La Iglesia, al poner hoy ante nuestros ojos en su liturgia la lectura de
Caín y Abel, lo hace pensando en que todos y cada uno revisemos nuestra
interioridad y nos examinemos en el “amor al otro” que es nuestro
hermano. De Abel podemos aprender que lo mejor de nuestra vida ha de
ser para Dios: lo mejor de nuestro tiempo, de nuestros bienes, de toda
nuestra vida, incluyendo los años mejores. Esto agranda el corazón y lo
ennoblece; de la mezquindad y racanería acaba saliendo un alma envidiosa, como
la de Caín, quien no soportaba la generosidad de Abel.

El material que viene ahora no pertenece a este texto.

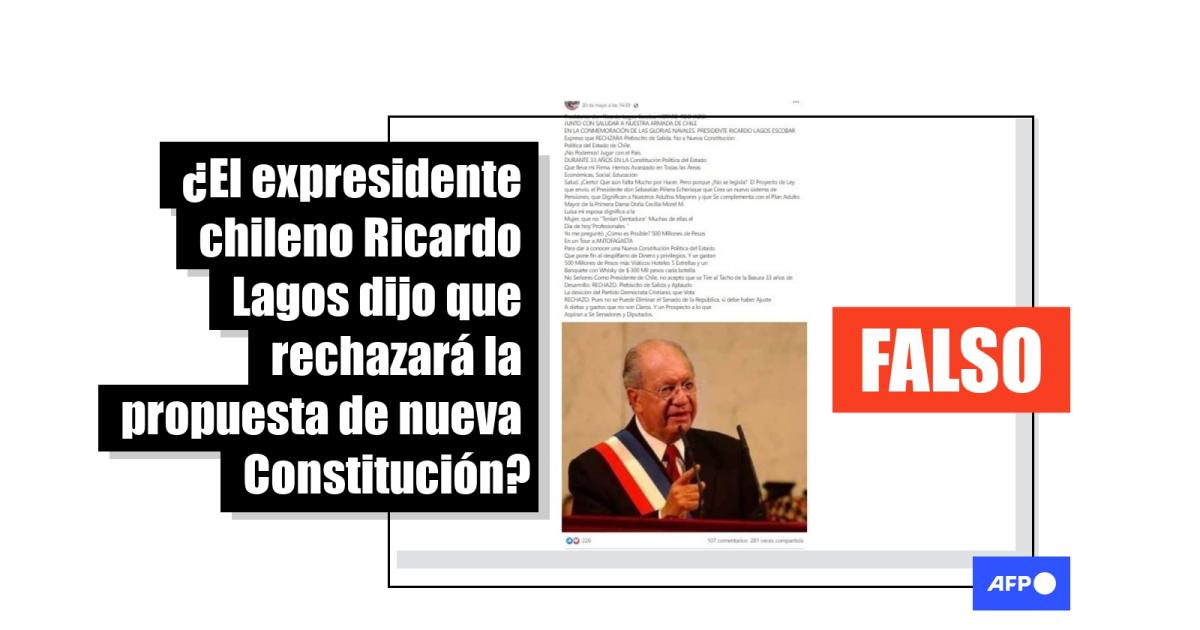 Consultado por la AFP el 13 de junio de 2022 el equipo de prensa del expresidente Lagos señaló que las publicaciones viralizadas en redes son falsas y que “no hay ninguna declaración de esas características emitida por el expresidente Ricardo Lagos” y que él “no ha emitido ninguna declaración sobre si aprueba o rechaza la nueva Constitución”.

En el Evangelio, cuando los fariseos reclaman un signo del cielo, exigen
que Dios dé directamente una prueba del mesianismo de Jesús. Pero
Dios no da otro signo de salvación que la vida entregada de su Hijo, el
Predilecto, que llega hasta las últimas consecuencias del amor en la Cruz. No
se da otro signo que la obediencia del Hijo, es decir, una vida vivida bajo la
inspiración del Espíritu.
Cristo vivo, resucitado y glorioso, vencedor del pecado y de la muerte, es nuestra esperanza. Le pedimos a nuestra Madre, María, que nos aumente la fe, la esperanza y el amor.